The material below holds pictures, which are to be left out; copy exactly the lines from the one with "A/dm2,初始COD為(wei)2 500 mg/L,臭(chou)氧(yang)流量為(wei)15" through the one with "- 85 жетонов".

* [Data for processing]:

= Beginning of Section =

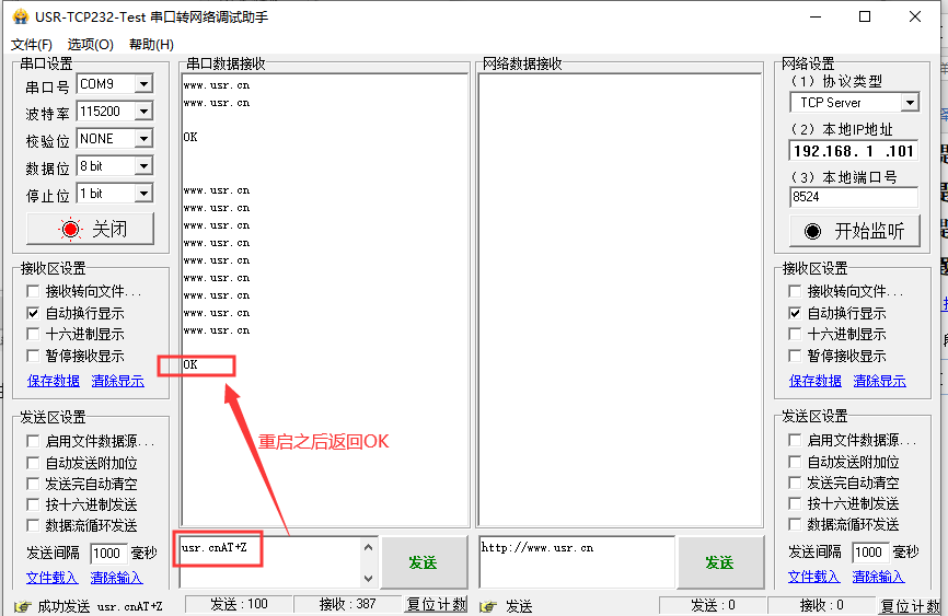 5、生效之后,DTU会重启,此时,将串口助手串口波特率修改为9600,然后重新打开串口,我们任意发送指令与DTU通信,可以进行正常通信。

= End of Section =
= Beginning of Section =

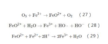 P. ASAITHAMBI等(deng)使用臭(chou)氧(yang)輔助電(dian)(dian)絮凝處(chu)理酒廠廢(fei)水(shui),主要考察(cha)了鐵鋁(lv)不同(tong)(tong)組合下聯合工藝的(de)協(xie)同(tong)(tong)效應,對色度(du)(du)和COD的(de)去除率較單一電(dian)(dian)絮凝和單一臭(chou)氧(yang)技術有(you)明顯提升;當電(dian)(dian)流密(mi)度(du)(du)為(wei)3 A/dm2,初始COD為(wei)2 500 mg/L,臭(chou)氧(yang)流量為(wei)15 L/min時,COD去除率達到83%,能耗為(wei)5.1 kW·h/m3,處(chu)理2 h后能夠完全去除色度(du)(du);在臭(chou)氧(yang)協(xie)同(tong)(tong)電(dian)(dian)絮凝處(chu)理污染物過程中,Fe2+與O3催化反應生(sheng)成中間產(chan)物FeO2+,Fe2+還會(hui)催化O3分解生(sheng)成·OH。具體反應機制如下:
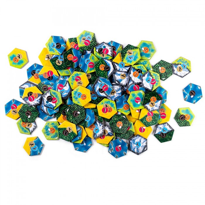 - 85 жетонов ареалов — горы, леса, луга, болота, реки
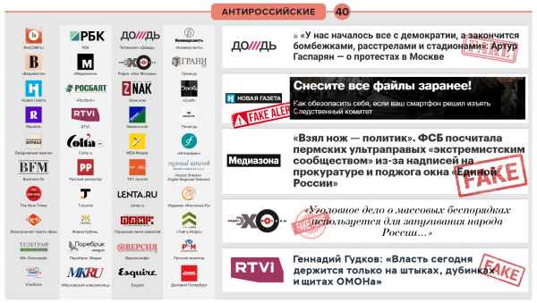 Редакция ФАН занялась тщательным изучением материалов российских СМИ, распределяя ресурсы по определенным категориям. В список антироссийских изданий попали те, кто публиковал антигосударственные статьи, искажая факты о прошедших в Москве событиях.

= End of Section =

* [Task answer]:
 P. ASAITHAMBI等(deng)使用臭(chou)氧(yang)輔助電(dian)(dian)絮凝處(chu)理酒廠廢(fei)水(shui),主要考察(cha)了鐵鋁(lv)不同(tong)(tong)組合下聯合工藝的(de)協(xie)同(tong)(tong)效應,對色度(du)(du)和COD的(de)去除率較單一電(dian)(dian)絮凝和單一臭(chou)氧(yang)技術有(you)明顯提升;當電(dian)(dian)流密(mi)度(du)(du)為(wei)3 A/dm2,初始COD為(wei)2 500 mg/L,臭(chou)氧(yang)流量為(wei)15 L/min時,COD去除率達到83%,能耗為(wei)5.1 kW·h/m3,處(chu)理2 h后能夠完全去除色度(du)(du);在臭(chou)氧(yang)協(xie)同(tong)(tong)電(dian)(dian)絮凝處(chu)理污染物過程中,Fe2+與O3催化反應生(sheng)成中間產(chan)物FeO2+,Fe2+還會(hui)催化O3分解生(sheng)成·OH。具體反應機制如下:
 - 85 жетонов ареалов — горы, леса, луга, болота, реки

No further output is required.